Last night’s dinner was a mixture of what do I have on hand and what sounds good. Corn bread, sweet buttery corn bread was tickling my taste buds. Little Chef said he wanted salsa, something, anything with salsa. So with those ingredients, plus 2 precooked chicken breasts and shredded cheddar cheese, I stared down my line-up. Hmm, what could I concoct in less than 30 minutes and delight everyone? I came up with Mexicali Corn Pudding.
Preheat oven to 400 degrees.
Spray a 8×8 glass pan with non-stick spray.
Pour in 1 cup salsa of your choice
Cube 2 precooked chicken breasts (or whatever you have on hand); Sprinkle on top
Next mix up the corn muffin mix according to directions. Add in 1/2 cup shredded cheese.
Spoon the mixture on top of the salsa chicken layer.
Bake for 20 minutes. Top with additional shredded cheese and enjoy!

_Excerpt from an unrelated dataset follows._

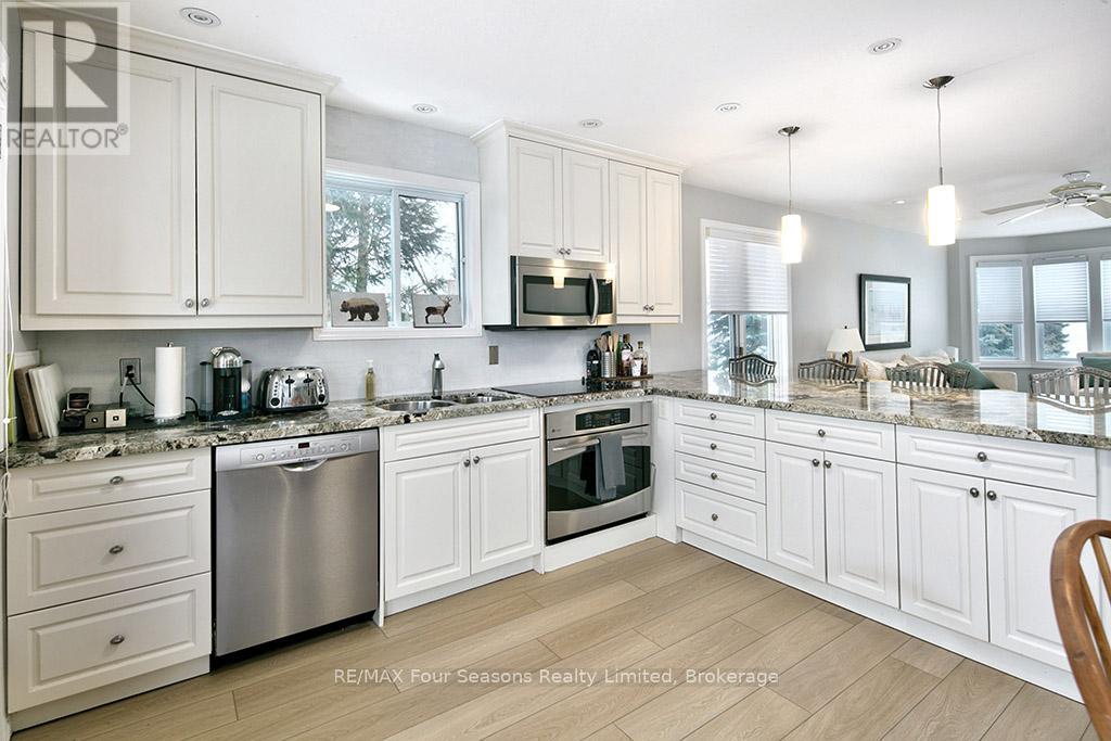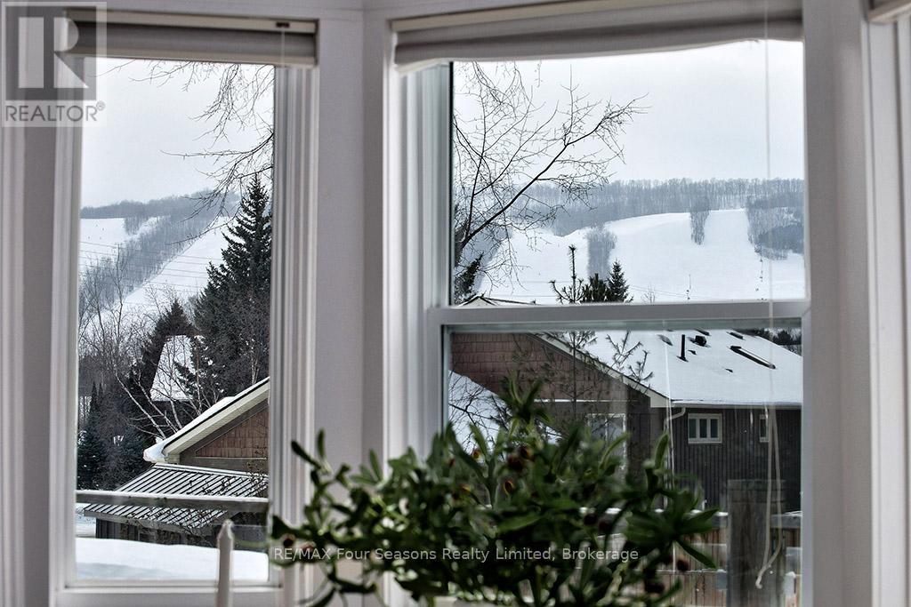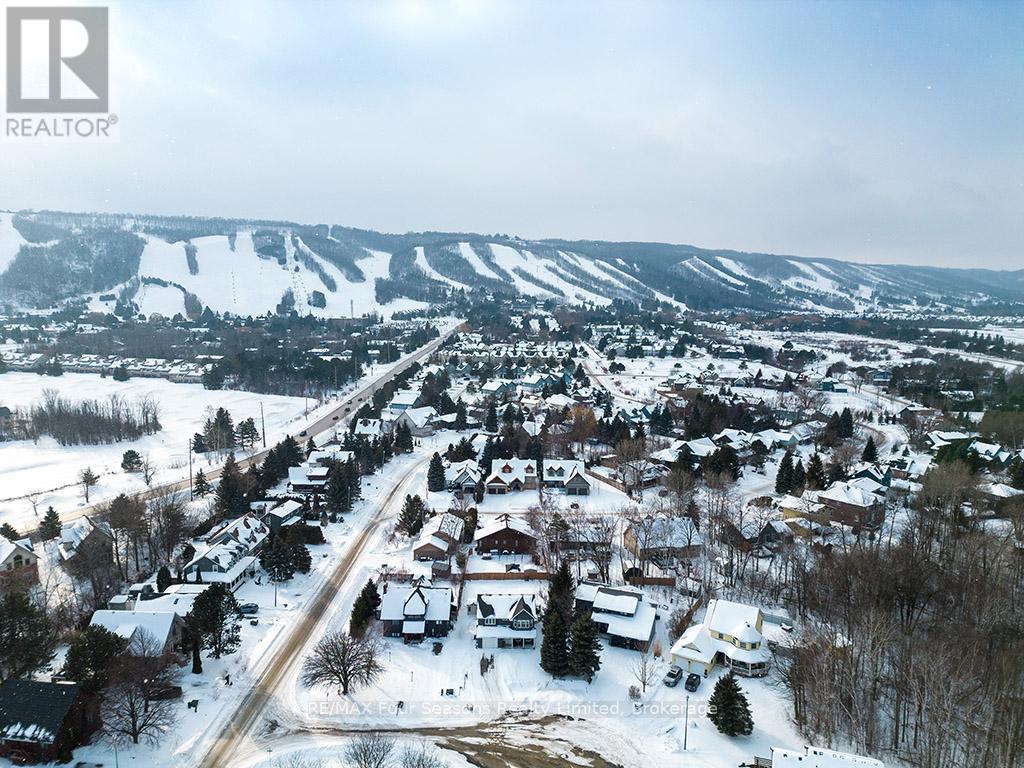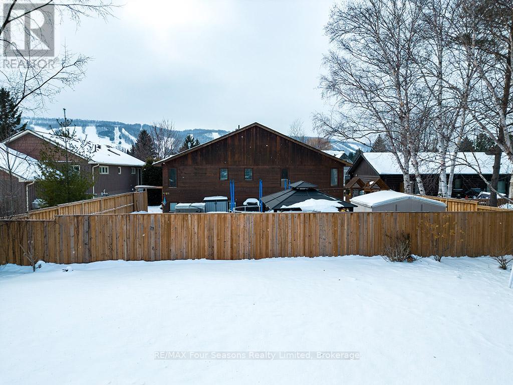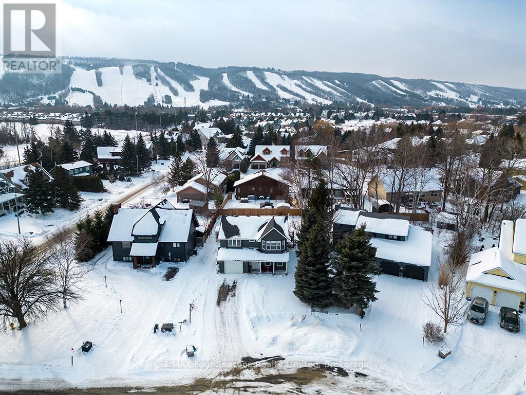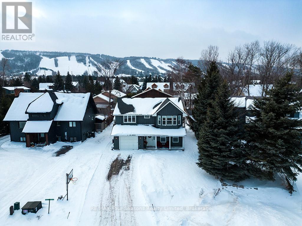 Recently renovated! This bright and inviting 4-bedroom, 3-bathroom home is tucked away on a quiet cul-de-sac, just steps from Blue Mountain Village and only minutes to ski clubs, beaches, golf, and trails, perfect for year-round living and recreation. Upstairs, the open-concept kitchen, dining, and living area is filled with natural light and mountain views. Designed with a reverse floor plan to capture the best mountain views, this home has brand new engineered white oak flooring throughout the entire upper level and offers space, comfort, and convenience for today's active lifestyle. The newly redesigned kitchen has tons of space for hosting large family gatherings, boasts granite countertops, new microcement backsplash, new windows and direct access to the upper deck for effortless BBQs and dining al fresco while enjoying sunsets over the slopes. The living room's abundance of windows creates a warm and welcoming gathering space. The upper level also hosts the primary suite with a sleek, renovated 3-piece ensuite, plus a second bedroom and an additional 4-piece bathroom. The main level features a spacious recreation room with a cozy gas fireplace, two bedrooms, a full 4-piece bath, and a laundry room with a walkout to the backyard and patio, ideal for indoor-outdoor living in every season. Outdoor enthusiasts will appreciate the proximity to hiking, cycling, tennis, and golf, along with the nearby beaches of Georgian Bay. Just 10 minutes to Collingwood, 15 to Thornbury, or a short stroll to Blue Mountain Village for dining, shopping, and entertainment, this property offers the perfect blend of lifestyle and location. (id:64974)

Looking for a photo of this concoction? Our littlest hovered around the oven for the last 5 minutes and insisted on “eat, eat” when I removed the tantalizing aroma dish. Needless to say, the dish was scooped up and served within mere minutes of exiting the oven. By the time I remembered to take a picture, all that was left was a scraped dry pan, 5 empty plates, and a few full bellies. My Little Chef, a budding foodie, patted him tummy and responded, “this is really tasty, more please”. That’s better than a photo in my book.